Check Level Override Settings for US Pay Groups

Payroll Administrator Guide

Version
R2025.2.1
ft:lastEdition
2025-12-01
Check Level Override Settings for US Pay Groups

The following is a list of settings available for each check type for US pay groups.

Manual Checks:

Additional Checks:

  • Exclude direct deposit accounts from disbursement
  • Exclude payroll card accounts from disbursement
  • Disburse to remainder account only
  • Tax Method
  • Payment Frequency
  • Residence Location

Onsite Checks:

  • Tax Method
  • Payment Frequency
  • Residence Location

These settings are described as follows:

Disburse to remainder account only

Select the Disburse to remainder account only checkbox and Dayforce only disburses earnings recorded on the check using the direct deposit or pay card method if the employee has been set up to receive 100% of their earnings to either method. If employees have elected to receive a portion of their pay on either a pay card or via direct deposit, payments made using check templates with this option selected are sent entirely to their default method.

Employment Type

Select an option in the Employment Type drop-down list to configure the check template so that employees with one employment type can be paid as a different one and receive the appropriate year end tax form for each type.

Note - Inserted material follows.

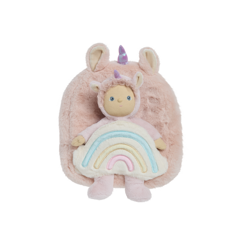 • Plush rainbow front pocket – doubles as a doll carrier with elastic loop & leg holes
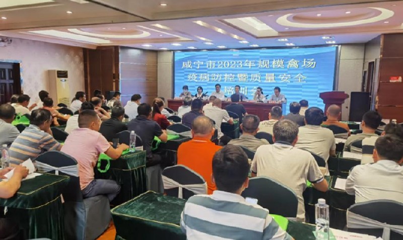 5月26日,咸宁市畜牧兽医局组织举办全市规模禽场疫病防控技术暨质量安全培训会,提升养殖场防疫技能和质量安全管理水平。各县(市、区)农业综合执法大队、禽类规模养殖场负责人共70余人参训。

  • Leave this drop-down list cleared to respect the employee-level employment type configuration.
  • Select Contractor to map the check's earnings to the 1099-M form.
  • Select Employee to map the check's earnings to the W-2 form.
  • Select Pensioner to map the check's earnings to the 1099-R form.

Exclude direct deposit accounts from disbursement

Select this checkbox and payments made with the check aren’t sent to employees using direct deposit, even if an employee has elected to receive a portion of their earnings through direct deposit.

Exclude payroll card accounts from disbursement

Select this checkbox and payments made with the check aren’t sent to employees using pay cards, even if an employee has elected to receive a portion of their earnings through a pay card.

Payment Frequency

Select the number of pay periods in the Payment Frequency drop-down list to override the number of pay periods per year the application uses in tax calculations.

The number of pay periods per year need to be overridden for payments that represent a different pay frequency than normal, so that they are taxed correctly.

For example, an employee that is normally paid $1,000 weekly is paid their two weeks’ vacation time up front on an additional check of $2,000. When the application calculates the taxes to withhold, it would normally multiply the payment about by 52 (as an employee paid weekly is paid 52 times a year). However, multiplying 2,000 by 52 implies that the employee earns more annually than they actually do.

Because this payment represents two weeks’ worth of pay, taxes should be calculated based on 26 pay periods per year; to accomplish this, administrators can configure check templates with different pay frequencies.

In the example above, when the two weeks’ vacation time is paid on a check template with a biweekly pay frequency, the application can correctly calculate taxes based on 26 pay periods in the year.

Tax Method

If necessary, select an appropriate supplemental tax in the Tax Method drop-down list.

This parameter is used to define which check templates are supplemental payments so that bonuses or off-cycle payments are taxed properly. Typically, when calculating the taxes to withhold for normal payments the calculation takes into account the employee’s pay and their pay frequency to determine their tax bracket and then applies the corresponding percentage.

Consider a simplified example where an employee earns $1,000 per week. To determine the taxes to withhold, the application multiples 1,000 by 52 to determine their annual salary, uses this number to determine their tax bracket, and multiplies the percentage for their tax bracket by $1,000 to determine the amount of taxes to withhold.

If supplemental payments were taxed with the same calculation, the application would over withhold taxes; continuing the example above, when the same employee earns a bonus of $4,000 on a separate check, the application would incorrectly calculate the employee’s annual income as $208,000 (4,000 multiplied by 52). As a result, the employee belongs to a higher tax bracket than they should and likely pay a higher tax rate than they should on their bonus.

The application treats payments made on check templates configured as supplemental payments differently; a custom rate is applied to the payment amount and the application does not calculate the employee’s taxes as if they made the supplemental payment on each pay run.

Residence Location

If necessary, select a state from the Residence Location drop-down list.

If an employee lives and works in multiple locations, the residence location associated with the check's earnings can be overridden by selecting an alternate option from the list.

If a supplemental tax method was selected from the Tax Method drop-down list, select the Exclude Additional Tax Amounts checkbox to exclude any additional tax amounts that the employee has elected to pay, above the regular federal and state tax amounts.